Configure SSL for HCD
Configure SSL for Hyper-Converged Database (HCD) by implementing Client Certificate Authentication. Following this approach, each node verifies the service or client making a request against a local truststore to validate that the certificate was issued by a known Certificate Authority (CA).
Create SSL certificates, keystores, and truststores
You can implement SSL using CA signed certificates signed by well-known CAs, or by creating your own root CA. DataStax recommends using certificates signed by a CA to reduce SSL certificate management tasks. However, you can use self-signed certificates with HCD, which supports SSL certificates in local and external keystores.

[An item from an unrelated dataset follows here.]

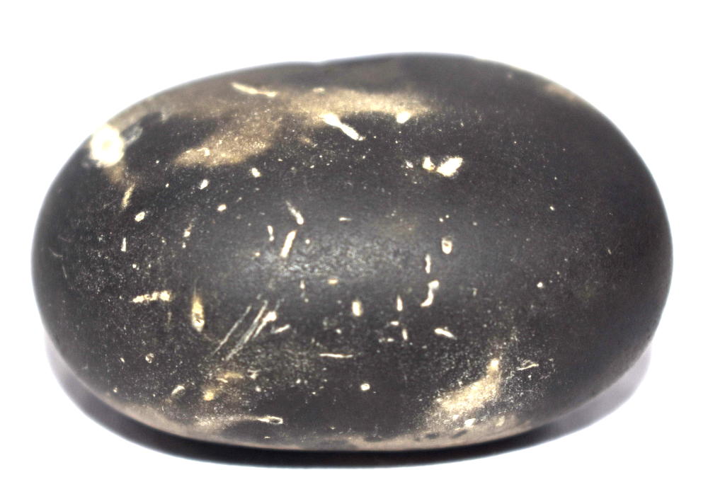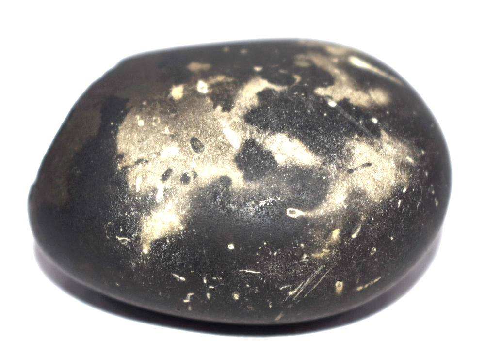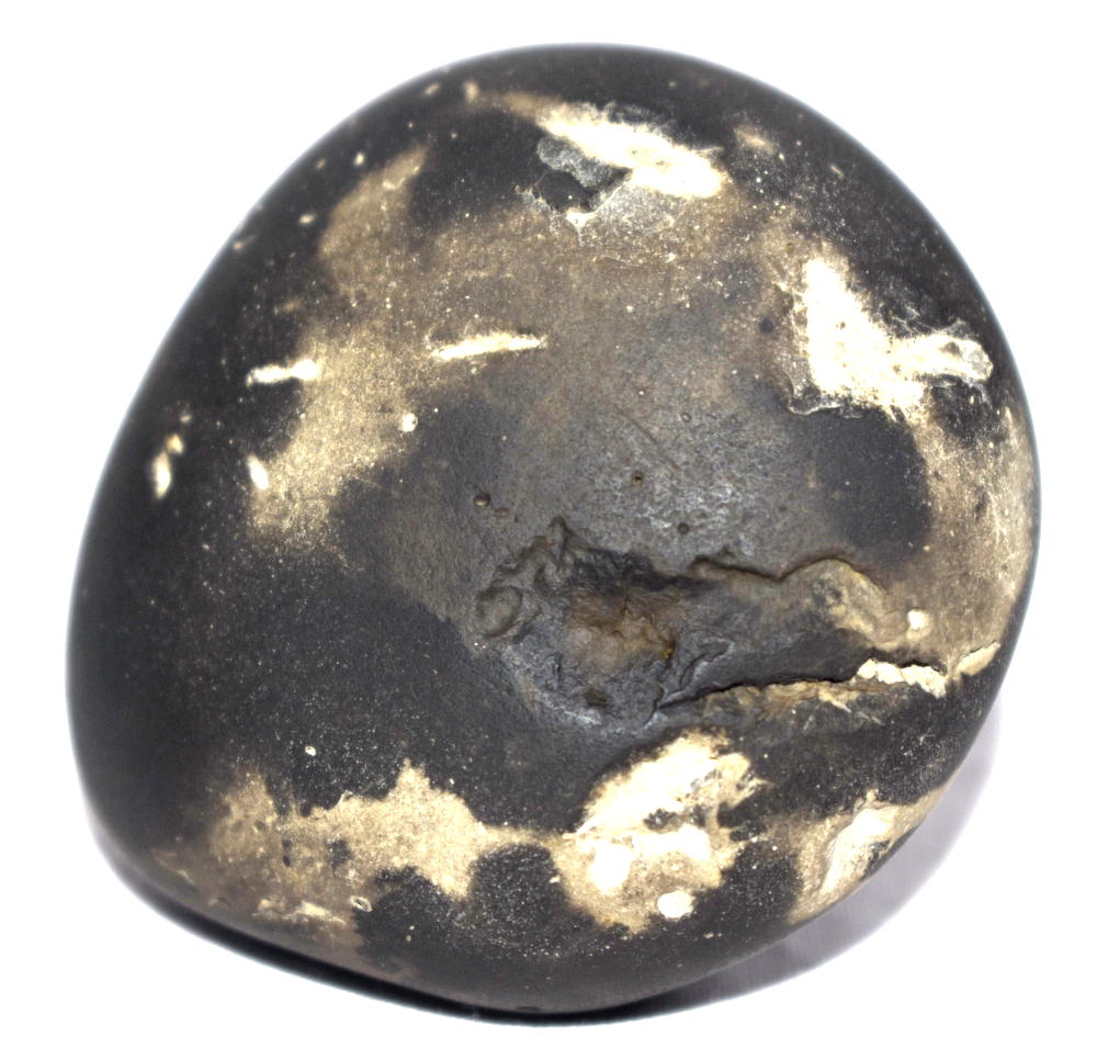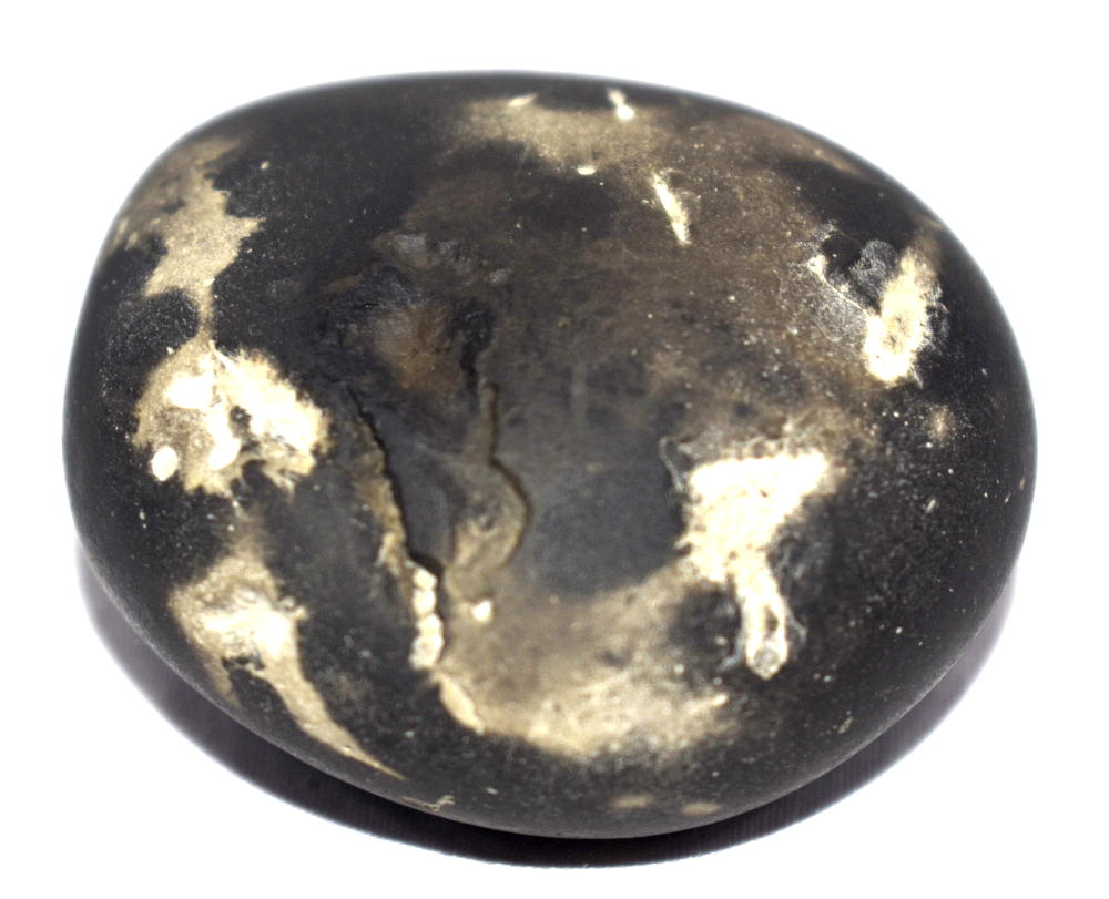 Shaligram having  left side chakra; mix of white color;   1 opening – 2 circular marks is known as ” Shuddha Vasudeva Shaligram”

Creating your own CA in a production environments typically involves using an intermediary certificate chain, where the root CA signs one or more intermediate certificates with its private key. These intermediary certificates chain together to link back to the root CA, which owns one or more trusted roots.
Where to configure SSL
HCD supports SSL encryption between nodes (node-to-node communication) and between clients and nodes (client-to-node communication). You can use SSL to encrypt in-flight data for the following HCD services and clients.
HCD services
Use SSL to encrypt data in the following node-to-node connections:
-
HCD Core
-
HCD Search with Apache Solr™
-
HCD Analytics with Apache Spark™
-
HCD Graph
HCD clients
Use SSL to secure connections from a client to the coordinator node to establish client-to-node connections:
-
HCD drivers
-
CQL shell (
cqlsh
) -
DataStax Studio
-
DataStax Bulk Loader
-
DataStax Apache Kafka Connector
-
HCD tools
Configure SSL for HCD
Complete the following following procedures to configure SSL for HCD:
-
Create SSL certificates, keystores, and truststores.
-
Configure SSL for HCD services (node-to-node communication).
-
Configure SSL for HCD clients (client-to-node communication).
After creating the necessary SSL certificates and configuring SSL for HCD services, use cqlsh
to connect to your SSL-enabled cluster.